The link below contains a Jython script which populates an HBase table with data in two column familes. A corresponding Pig query retrieves data for one column and saves it to a CSV:
https://gist.github.com/766929
The Jython script has the following usage:
jython hbase_test.py [table] [column count] [row count] [batch count]
This will populate a table named [table] with two column families. The first contains static data. The second contains the given number of columns, populated with data.The Pig query will return an inaccurate number of results for certain table sizes and configurations, most notably with tables exceeding 1.8 million rows in length and with more than 2 columns in the queried column family, eg.
jython hbase_test.py test 3 1800000 100000
For instance, if I execute the above command and the corresponding Pig query, the results number 905914. Note that if the table is re-populated and queried a second time, a different number results.

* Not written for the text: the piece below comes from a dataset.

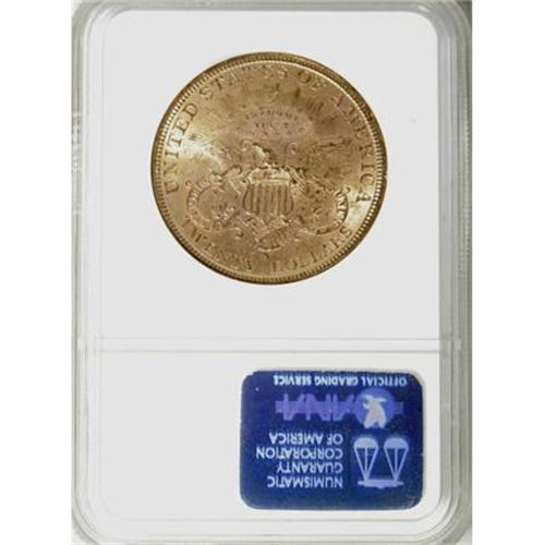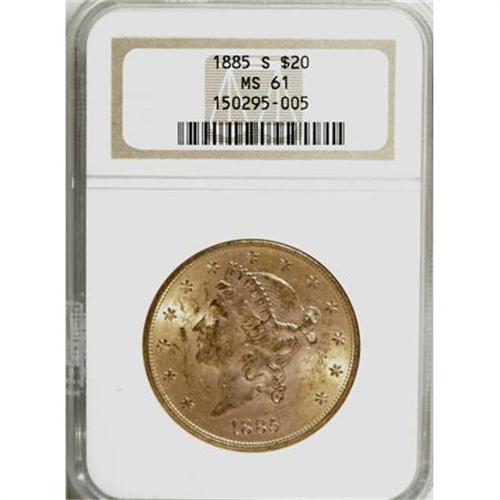 <B>1885-S $20 MS61 NGC.</B></I> NGC Census: (708/690). PCGS Population (351/921). Mintage: 683,500. Numismedia Wsl. Price for NGC/PCGS coin in MS61: $910. (#9005)<BR><BR><B>Coin Engraver:</B> James B. Longacre<BR><BR><b>Shipping:</b> Coins & Currency (<a target="_blank" href="http://www.heritageauctions.com/common/shipping.php">view shipping information</a>)

If I run the query again without re-populating the table, I get the same number of results. The HBase shell returns an accurate row count.Some notes on reproducing this issue (or not):
* If the Jython script doesn't populate the meta column family, the issue goes away with the same query.
* If the Jython script populates 2 columns instead of 3, the issue goes away with the same query.

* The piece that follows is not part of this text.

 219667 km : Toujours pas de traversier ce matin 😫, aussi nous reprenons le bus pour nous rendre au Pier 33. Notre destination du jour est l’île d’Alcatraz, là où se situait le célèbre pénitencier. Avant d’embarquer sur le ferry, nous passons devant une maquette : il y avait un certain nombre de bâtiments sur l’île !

* The size of the column key or its value may influence whether the issue occurs.
For instance, if I change the script to store 'value_%d' instead of 'value_%d_%d', retaining the random int, the issue goes away with the same query.
I am using Pig 0.8.0 and HBase 0.20.6 on a MacBook running Snow Leopard using the stock Java that came with the OS. Attached is a log of the Pig console output. The error logs contain nothing of import.
Am I doing anything incorrectly? Is there a way I can work around this issue without compromising the column family being queried?
This appears to be a fairly simple case of Pig/HBase usage. Can anyone else reproduce the issue?
thanks,
Ian.